»»

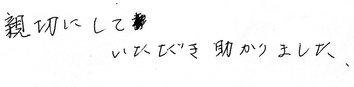 ていねいに対応して頂きたすかりました。ありがとうございました。
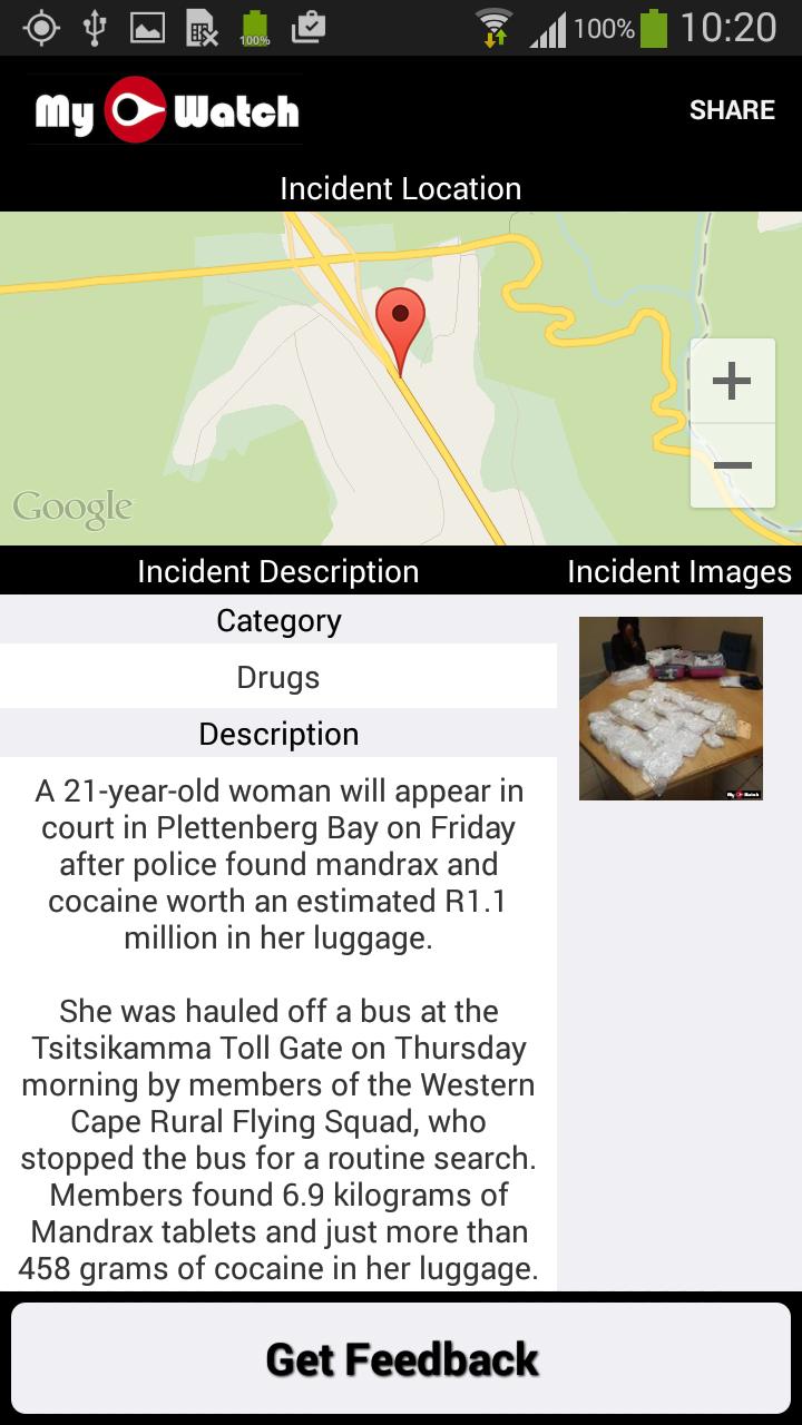 MyWatch還將將所有與犯罪相關的數據傳遞給相關當局,並通知報告事件的用戶,內容是由於通知而發生的任何決議或行動。
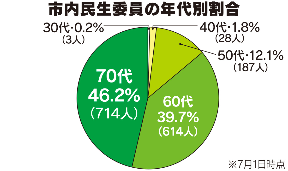 市内の委員数は7月1日時点で定数1799人に対し、欠員253人。高齢化が進み、70代の担い手が4割以上を占める。市は前回改選時、再任の年齢要件を75歳未満から例外的に77歳未満に引き上げ、人員確保に努めたが、今年12月の改選で前回再任された96人が77歳以上となるため任期満了で退任する。
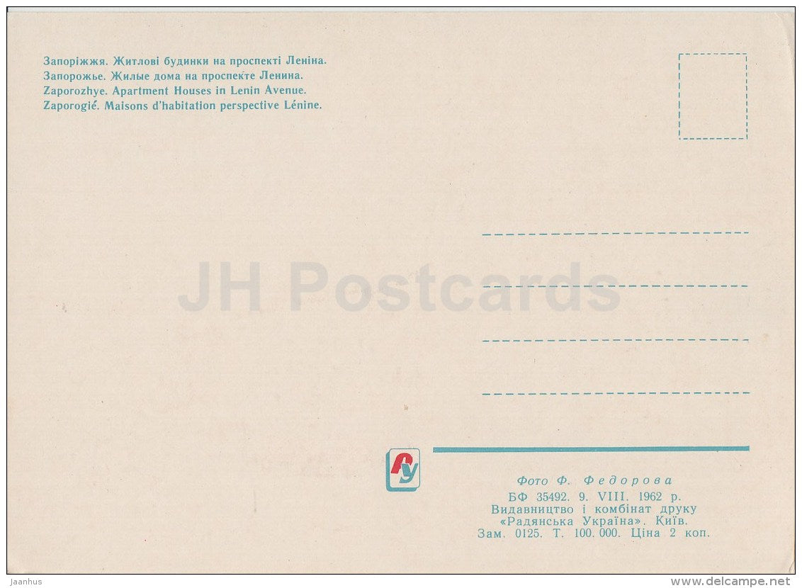 Mehrfamilienhäuser in der Lenin Avenue – Prospekt – Straßenbahn – Saporoschje – 1962 – Ukraine UdSSR – unbenutzt
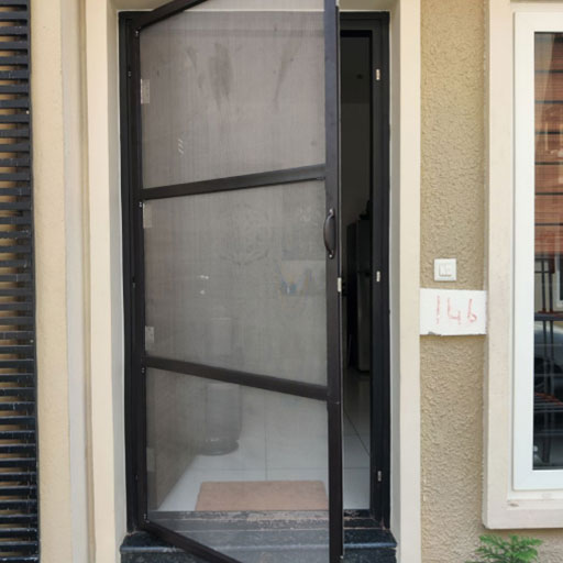 The aluminum door at your front main door is a statement in and of itself, exuding both contemporary and traditional. This straightforward and durable aluminum door is the way to go. The view is additionally enhanced by the partial glass fitment.
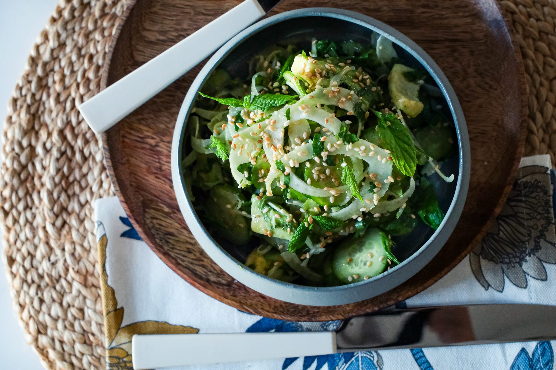 This salad leans into that: the clean crunch of fennel, the creaminess of avocado, the coolness of cucumber. A balance of textures, finished with herbs and a citrusy sesame dressing that ties it all together.
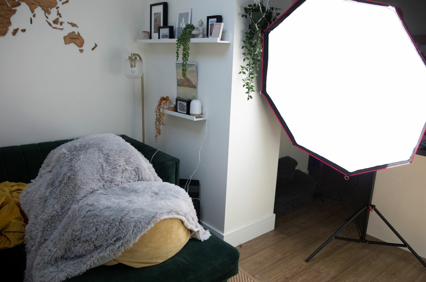 Once I had the light in place I experimented with positioning and decided to aim the light pointing slightly off-centre (called “feathered lighting”). This allowed me to light Robbie with light spilling from the edge of the modifier. This created a much softer light than more straight on directional light which can be a little harsher.
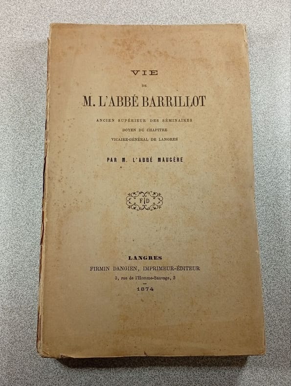 Langres, Dangien, 1874. Format 15x23 cm, broche, 328 pages. Ouvrage complet mais en tres mauvais etat, merite surement une reliure. Mauvais etat.
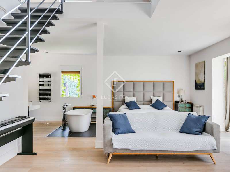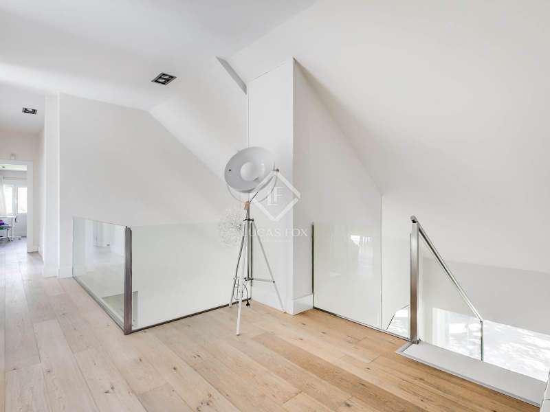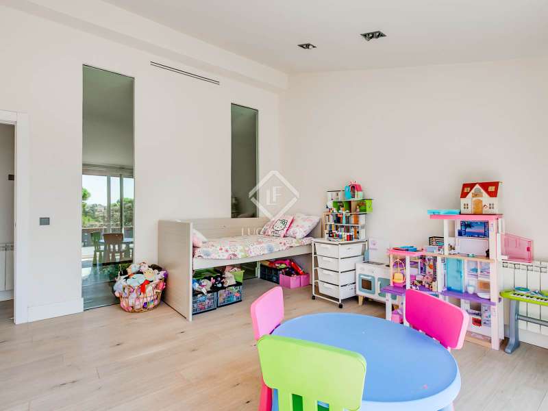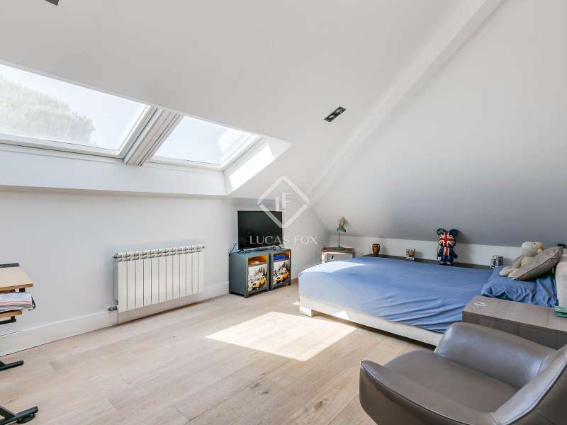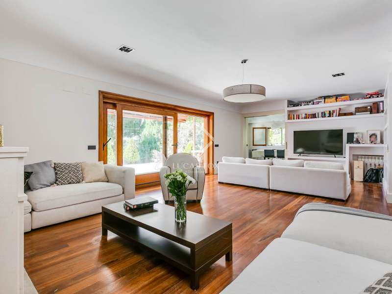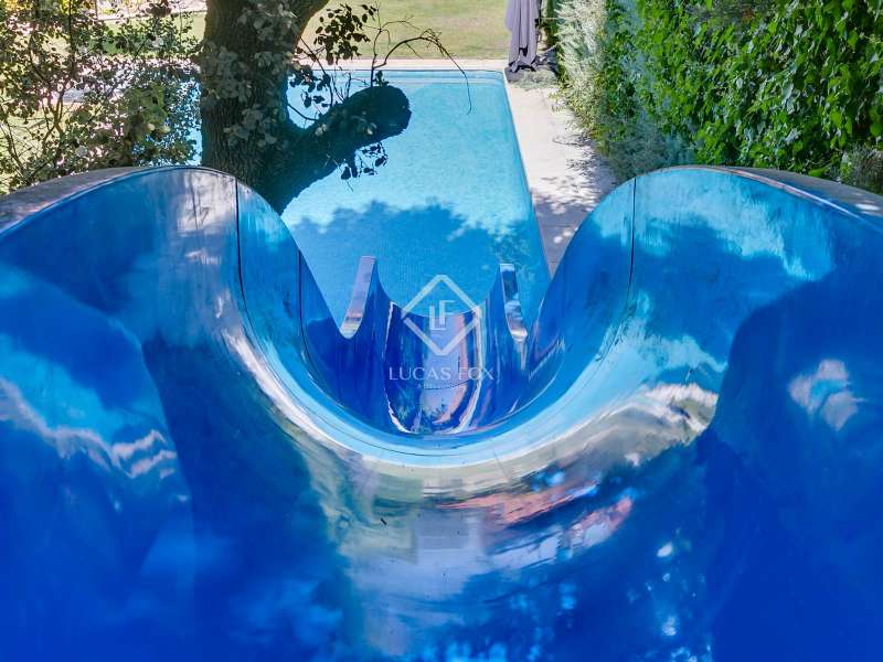 Lucas Fox exclusively presents this spectacular 845 m² detached house on an impressive 2,500 m² elevated plot , located on a quiet cul- access-sac, offering exceptional privacy and unparalleled panoramic views of Madrid. The property is located in a prime location in La Moraleja, a short distance from the centre of Madrid. The property is surrounded by a mature garden with no close neighbors, offering tranquility and privacy, something rare. Thanks to its four-way orientation, the house enjoys natural light throughout the day. It also features a large pool with a professional water slide, a fully equipped barbecue area, and a private paddle tennis court. On the main floor , we find a large, double-height entrance hall , a living-dining room with enormous sliding windows that open onto a spacious porch with stunning views, a cozy living room, and a separate kitchen with a center island. Additionally, there is a generously sized, double-height main bedroom with a dressing room, full bathroom , study , and direct access to the garden and pool, as well as an additional bedroom with a private bathroom, ideal for guests. On the first floor we find two large bedrooms that share a bathroom, one of them with access to a large terrace (perfect as a games room or study) and two more secondary bedrooms, both with private bathroom and abundant natural light. The lower ground floor houses a staff bedroom with a private bathroom, a laundry room room and storage area, a large multipurpose room ideal as a gym, cinema room or games area, and a garage with capacity for three or four vehicles. Please contact us for more information about this or similar properties available, as not all properties are listed on Idealista at the owners' request. Consult our website or visit us at our Property Lounge at 1 La Moraleja Plaza, where we will be delighted to welcome you.
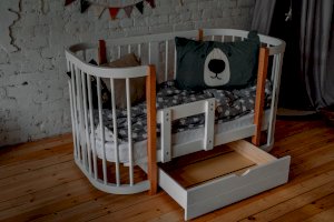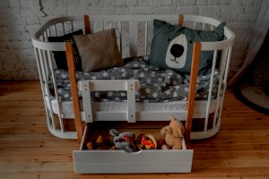 Выдвижной ящик на колесиках для кроватки Dreams Смарт. Для экономии места и хранения нужных вещей. Ящик имеет размеры 700*700мм, в который отлично уберутся игрушки или запасной комплект постельного белья.
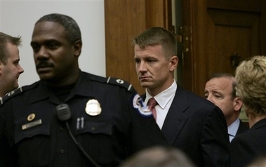 Erik Prince, founder of Blackwater USA, is escorted into the hearing room by a Capitol Hill police officer prior to giving his testimony before the House Oversight Committee hearing, October 2, 2007, which is examining the mission and performance of the private military contractor Blackwater in Iraq and Afghanistan. [Agencies]
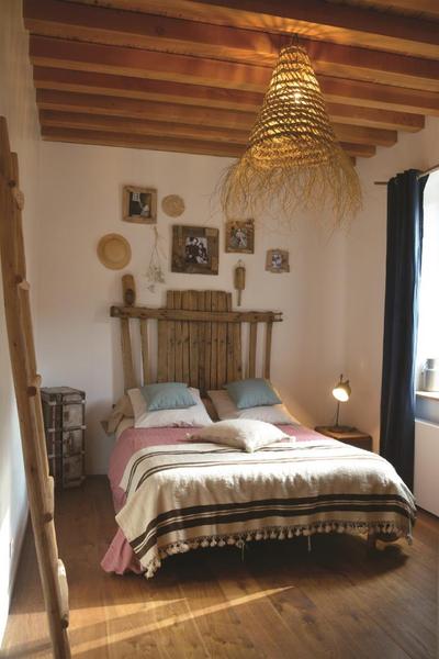 Grand Gîte 'La Fontaine Camille' à Neuville-sur-Saône (Rhône, Métropole de Lyon, Nord de Lyon) : décoration dans l'espace nuit 'Cabane' au 2ème étage.
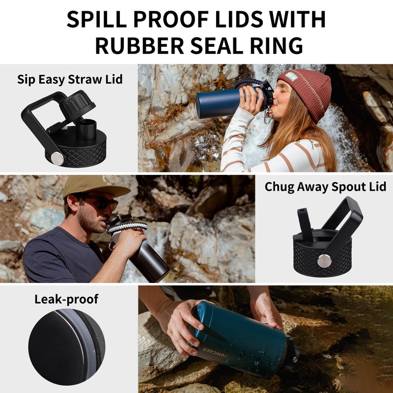 - What you get: We provide continuous after-sales service and 100% customer satisfaction to prevent any leakage or bonding failure. Your purchase includes: YONICOER water bottle, 3 lids, paracord handle, 1 brush, 2 straws, 1 straw brush, 1 cup sleeve, 4 stickers

««

→ DIRECTIONS: Nothing but the lines from the one with "Grand Gîte 'La" through the last line of the material above should appear in the answer, each copied exactly, with no pictures.

→ WRITTEN RESPONSE:
 Grand Gîte 'La Fontaine Camille' à Neuville-sur-Saône (Rhône, Métropole de Lyon, Nord de Lyon) : décoration dans l'espace nuit 'Cabane' au 2ème étage.
 - What you get: We provide continuous after-sales service and 100% customer satisfaction to prevent any leakage or bonding failure. Your purchase includes: YONICOER water bottle, 3 lids, paracord handle, 1 brush, 2 straws, 1 straw brush, 1 cup sleeve, 4 stickers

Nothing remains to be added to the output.